Published on Academy of American Poets (

I Never Figured How to Get Free

The war was all over my hands.
I held the war and I watched them
die in high-definition. I could watch
anyone die, but I looked away. Still,
I wore the war on my back. I put it
on every morning. I walked the dogs
and they too wore the war. The sky
overhead was clear or it was cloudy
or it rained or it snowed, and I was rarely
afraid of what would fall from it.
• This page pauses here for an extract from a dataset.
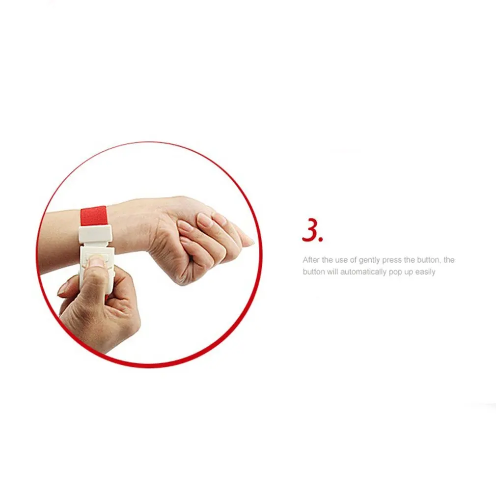 Особенности: Изготовлен из высококачественного материала, он прочный и долговечный в течение длительного времени. Имеет твердый пластиковый улов с пластиковой пряжкой, которая позволяет быстро отпустить с прикосновением пальца. Используется для процесса сбора образцов венозной крови или внутривенного инфузии, переливания, венипунктуры крови. Широко используется в медицине, также подходит для наружного использования в чрезвычайных ситуациях. Эластичная лента регулируется, чтобы соответствовать большинству размеров запястья.

I worried
about what to do with my car, or how
much I could send my great-aunt this month
and the next. I ate my hamburger, I ate
my pizza, I ate a salad or lentil soup,
and this too was the war.
At times I was able to forget that I
was on the wrong side of the war,
my money and my typing and sleeping
sound at night. I never learned how
to get free. I never learned how
not to have anyone’s blood
on my own soft hands. 


Copyright © 2019 by Donika Kelly. Originally published in Poem-a-Day on February 25, 2019, by the Academy of American Poets.

About this Poem

“I was trying to capture the feeling of being complicit in ongoing US military action, particularly in the Middle East, which has been the backdrop of most of my life. I wanted to write about how it felt to be a citizen of a nation seemingly always at war when the war is distant and on a screen, and the ringing distortion I felt while being financially comfortable for the first time and living in isolation in Western New York.”
—Donika Kelly


Donika Kelly

Donika Kelly is the author of the chapbook Aviarium (fivehundred places, 2017), and the full-length collection Bestiary (Graywolf Press, 2016), winner of the 2018 Kate Tufts Discovery Award, the 2017 Hurston/Wright Award for poetry, and the 2015 Cave Canem Poetry Prize.